Not a brew day stuff up but....

I went to pour a cream ale tonight from a pretty much full keg, pours foam. so I'm thinking wtf is going on did I plug the beer disconnect in to an empty keg by mistake? Open the keezer, smell beer, look down and there's a swimming pool of at least 16 litres of cream ale in the bottom of the keezer. Pretty devastated. 

Oh, then I brought the wet dry vac up from the garage to clean it up and the fucker blew beer all over the dining room.


----------



## Rocker1986 (7/4/16)

Just had a cube on Sunday night get infected with what I'm guessing was acetobacter from the smell of it. It was due to be pitched on Monday. Had been sitting there for weeks so I'm guessing this shit got into it pretty recently, and wasn't there at the time of cubing it. It blew the tap out of the cube and obviously the wort ended up all over the laundry floor. Bit of a pain in the arse and has thrown out the brewing schedule a little bit, but I'll carry on...

I rinsed and cleaned the cube and would have done more to it, but I can't get the bung even to fit into it properly now, at least not securely enough for use with hot wort so I'll retire it from brewing after one batch :lol: and use it elsewhere, maybe in the garden or something. I have four others, so it's not like I'm short of replacements.


----------



## Danscraftbeer (7/4/16)

Bugger. If you guys were closer I'd grab some of that waste brews for my new batch of vinegar.
Don't underestimate vinegar in a culinary sense. I'm working on a home brew acidulator.


----------



## Rocker1986 (7/4/16)

You'd have been lucky to get any after it spilled all over the concrete floor :lol:

Most of it had dried up by the time I found it too.


----------



## klangers (8/4/16)

The brew that broke me, aka my second all grain brew (imperial lager):

- DIY mill (pasta maker) broke halfway through milling 10kg of grain. Remainder 5kg was painstakingly crushed by hand with a rolling pin. Never again.

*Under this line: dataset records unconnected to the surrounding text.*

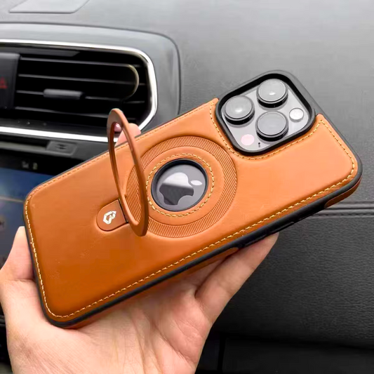 Carcasa Ecocuero Con Anillo De Soporte Magnético iPhone 16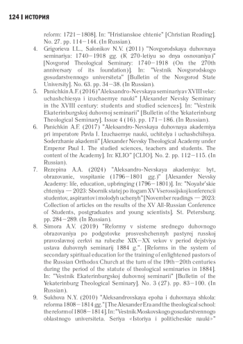 26. Симора А.В. Реформы в системе среднего духовного образования по подготовке просвещенных пастырей Русской Православной Церкви на рубеже XIX-XX веков в период действия Устава духовных семинарий 1884 г. // Вестник Екатеринбургской духовной семинарии. 2019. № 3 (27). С. 83-100. EDN: MDIOEM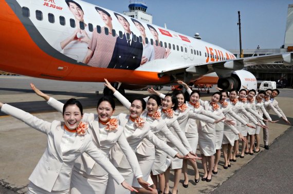 애경그룹 계열의 저비용항공사(LCC) 제주항공은 16일 모델인 배우 송중기를 래핑한 항공기를 공개했다. 이 항공기는 김포~제주, 청주~제주, 부산~제주, 대구~제주, 김포~부산 등 5개 국내선과 중국, 일본, 대만, 태국 등 한류 인기가 높은 노선에 투입한다. 제주항공 신입 승무원들이 서울 공항동 김포국제공항에서 배우 송중기가 래핑된 항공기 앞에서 기념촬영을 하고 있다.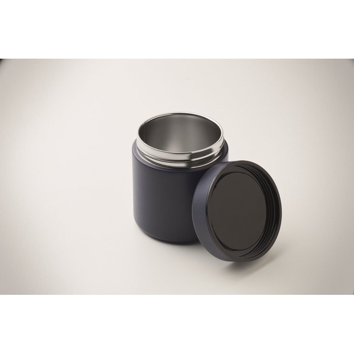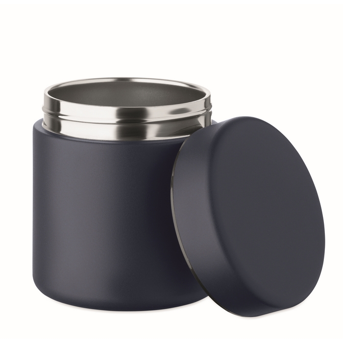 Double wall insulated lunch container made of 90 % recycled stainless steel and 10% stainless steel with PP lid. Capacity: 500 ml. Dimensions: O10 x 14 cm
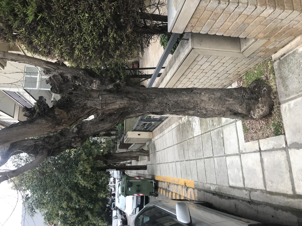 | Περιγραφή | Δέντρο στο πεζοδρόμιο μπροστά από είσοδο πολυκατοικίας έχει ξεραθεί και γέρνει προς τον δρόμο. Μπορεί να αποτελέσει επικίνδυνο για πεζούς και διερχόμενα οχήματα. Επίσης λόγω του στενού πεζοδρομίου, τα δέντρα εμποδίζουν την ασφαλή διέλευση των πεζών, οι οποίοι τώρα αναγκάζονται να περπατούν στον δρόμο. |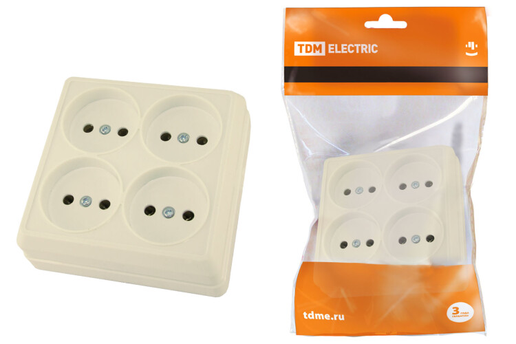 Розетка четырехместная 2П открытой установки IP20 10А сл. кость "Ладога" TDM (кр.6шт)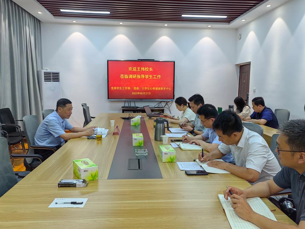 为深入开展学习贯彻习近平新时代中国特色社会主义思想主题教育,切实以高质量的调查研究推动学校高质量发展。6月27日下午,校长王伟深入党委学生工作部、团委、大学生心理健康教育中心开展学生工作专题调研。与会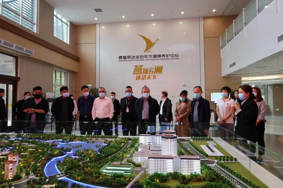 領導一行首先來到秦皇燕達國際健康城實景沙盤,了解整體發展規劃。秦皇燕達國際健康城包含秦皇燕達養護中心、秦皇燕達醫院、秦皇燕達培訓學院、秦皇燕達研究院共五大板塊,是集醫療、養老、康復、科研、教育等為一體的綜合性健康產業基地。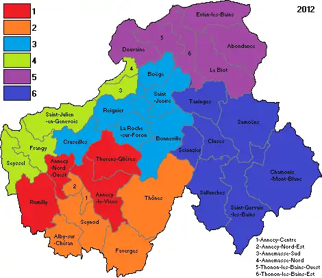 Les élections législatives françaises de 2012 se sont déroulées les 10 et 17 juin 2012 . Dans le département de la Haute-Savoie , six députés ont été élus dans le cadre de six circonscriptions , soit une de plus que lors des législatures précédentes, en raison du redécoupage électoral .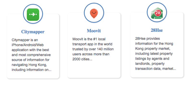 The following are some examples of creative web and mobile applications developed by the Government and the community using datasets in the Portal.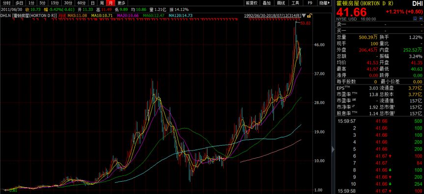 霍頓房屋于1992年登陸紐交所,隨后開始不斷擴大業(yè)務(wù)規(guī)模。目前,霍頓在美國26個州的79個市場開展業(yè)務(wù)。從2002年開始,連續(xù)16年為全美銷量第一的開發(fā)商。感受下霍頓房屋的股價走勢: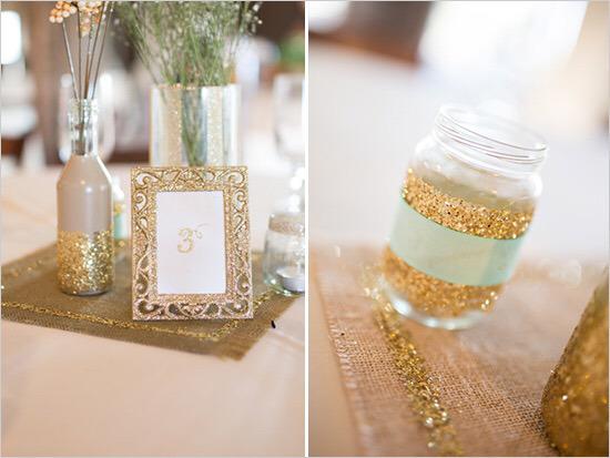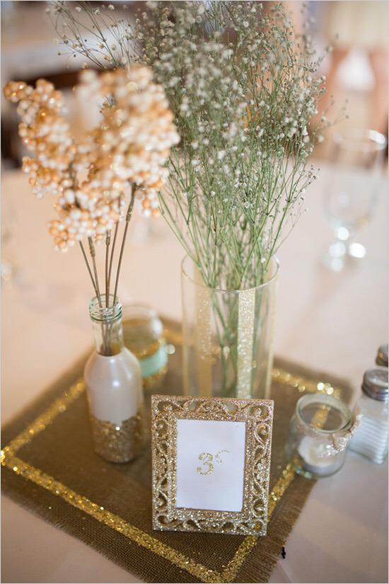 Frascos y botellas; ¿Quién no tiene algún frasco o botellas de vidrio en casa? Sólo te falta cintas de colores o purpurina para crear rincones de ensueño. Colócalos sobre una tela que le convine y busca flores efecto perla. ¡¡Ideal!!

- Needed to lift kettle up onto bench to begin boiling. Forgot that tap was open. Lifted it up, hose pulled off and ~90 deg C sticky wort poured onto my arm. Worst burn I've ever had. Skin peeled off instantly and have a nice ovoid scar on my left arm.

- In order to administer first aid, I elected to leave the boil for the day after. Bad idea. Came back to a lukewarm pool of horrid smelling filth. Tipped it all down the sink, so I had a 3rd degree burn and a pile of broken metal and ruined dreams.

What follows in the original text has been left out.